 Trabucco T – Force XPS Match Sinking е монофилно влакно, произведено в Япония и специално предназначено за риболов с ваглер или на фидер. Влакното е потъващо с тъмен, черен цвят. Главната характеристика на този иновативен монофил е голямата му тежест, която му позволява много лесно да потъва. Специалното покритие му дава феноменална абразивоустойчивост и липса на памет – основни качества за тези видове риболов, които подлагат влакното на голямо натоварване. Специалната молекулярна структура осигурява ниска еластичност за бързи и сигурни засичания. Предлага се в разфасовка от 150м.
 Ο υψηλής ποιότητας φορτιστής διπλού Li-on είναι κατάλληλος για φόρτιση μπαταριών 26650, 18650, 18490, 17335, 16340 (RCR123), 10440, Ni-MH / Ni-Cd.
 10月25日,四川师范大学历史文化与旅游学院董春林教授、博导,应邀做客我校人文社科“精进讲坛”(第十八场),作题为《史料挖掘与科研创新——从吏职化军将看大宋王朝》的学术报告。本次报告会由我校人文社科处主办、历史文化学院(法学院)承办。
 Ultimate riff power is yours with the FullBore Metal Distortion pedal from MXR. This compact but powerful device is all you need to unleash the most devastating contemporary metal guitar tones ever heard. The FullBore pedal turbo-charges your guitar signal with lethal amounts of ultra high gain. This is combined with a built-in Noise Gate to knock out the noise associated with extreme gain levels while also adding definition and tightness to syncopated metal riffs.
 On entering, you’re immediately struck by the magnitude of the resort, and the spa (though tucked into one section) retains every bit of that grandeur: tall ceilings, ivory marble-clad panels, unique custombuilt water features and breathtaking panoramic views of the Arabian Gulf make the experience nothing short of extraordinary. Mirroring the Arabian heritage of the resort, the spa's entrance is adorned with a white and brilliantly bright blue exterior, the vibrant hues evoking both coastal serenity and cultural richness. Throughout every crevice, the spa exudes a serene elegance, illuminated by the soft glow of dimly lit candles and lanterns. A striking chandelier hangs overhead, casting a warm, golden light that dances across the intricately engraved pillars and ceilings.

----

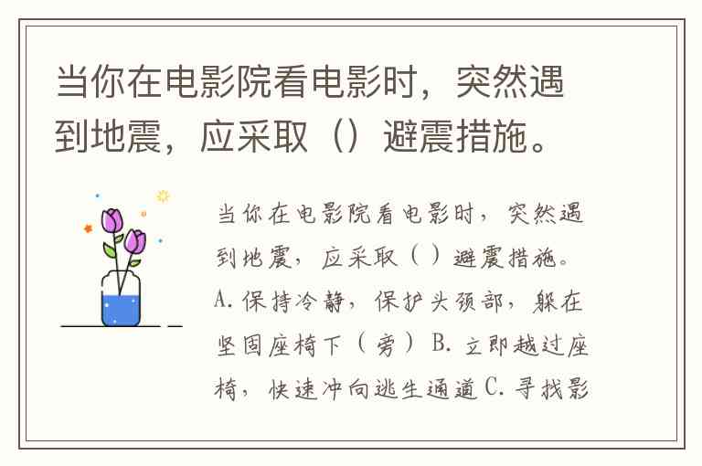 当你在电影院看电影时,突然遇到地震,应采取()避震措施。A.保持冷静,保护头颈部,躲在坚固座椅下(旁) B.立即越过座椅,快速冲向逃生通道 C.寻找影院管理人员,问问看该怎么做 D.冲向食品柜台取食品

----

» **What you have to do**
Take the entries above and return only the lines from the one with "Ο υψηλής ποιότητας" to the one with "10月25日,四川师范大学历", both included, unchanged.

» **Answer space**
 Ο υψηλής ποιότητας φορτιστής διπλού Li-on είναι κατάλληλος για φόρτιση μπαταριών 26650, 18650, 18490, 17335, 16340 (RCR123), 10440, Ni-MH / Ni-Cd.
 10月25日,四川师范大学历史文化与旅游学院董春林教授、博导,应邀做客我校人文社科“精进讲坛”(第十八场),作题为《史料挖掘与科研创新——从吏职化军将看大宋王朝》的学术报告。本次报告会由我校人文社科处主办、历史文化学院(法学院)承办。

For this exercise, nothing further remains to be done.